The fact that Dakota has access to the books at home does not undermine this decision. The Supreme Court has held that "one is not to have the exercise of his liberty of expression in appropriate places abridged on the plea that it may be exercised in some other place." Reno v. American Civil Liberties Union, 521 U.S. 844, 117 S.Ct. 2329, 138 L.Ed.2d 874 (1997) (citing Schneider v. State, 308 U.S. 147, 60 S.Ct. 146, 84 L.Ed. 155 (1939)).

Defendant also argues that Dakota's claim was not ripe when filed, because she was not in school on July 3, 2002, the filing date, to request the books. No legal authority or supporting facts are cited for this proposition, and the Court will not further examine it except to note that this is not a case where administrative exhaustion or development of the record is called for, and the constitutional issue is presently fit for decision. Cf. Texas v. United States, 523 U.S. 296, 118 S.Ct. 1257, 140 L.Ed.2d 406 (1998).

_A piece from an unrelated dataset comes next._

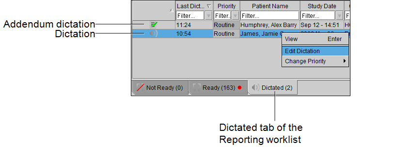 From the Dictated tab of the worklist, right-click the dictation or addendum dictation.

The motion to dismiss will, therefore, be denied as to the claims of Billy Ray Counts and Mary Nell Counts as parents of Dakota Counts.

(b) Billy Ray Counts' Individual ClaimBilly Ray Counts claims — on his own behalf — that the defendant's board's decision "abrogates the Library Committee's and its members' ability to appropriately determine suitable material for including in the library without having an improperly motivated School Board override said determinations." This claim is neither fully fleshed out in the Complaint nor persuasively argued in the briefs. Thus, the Court is shown no basis upon which Billy Ray Counts would have standing in his own right to advance a constitutional claim on the facts presented. The motion to dismiss will, therefore, be granted as to the claim of Billy Ray Counts, Individually.

4. Having concluded that plaintiffs have standing to bring a claim of constitutional violation on behalf of Dakota Counts, the Court now turns to the issue of whether summary judgment in their favor is appropriate.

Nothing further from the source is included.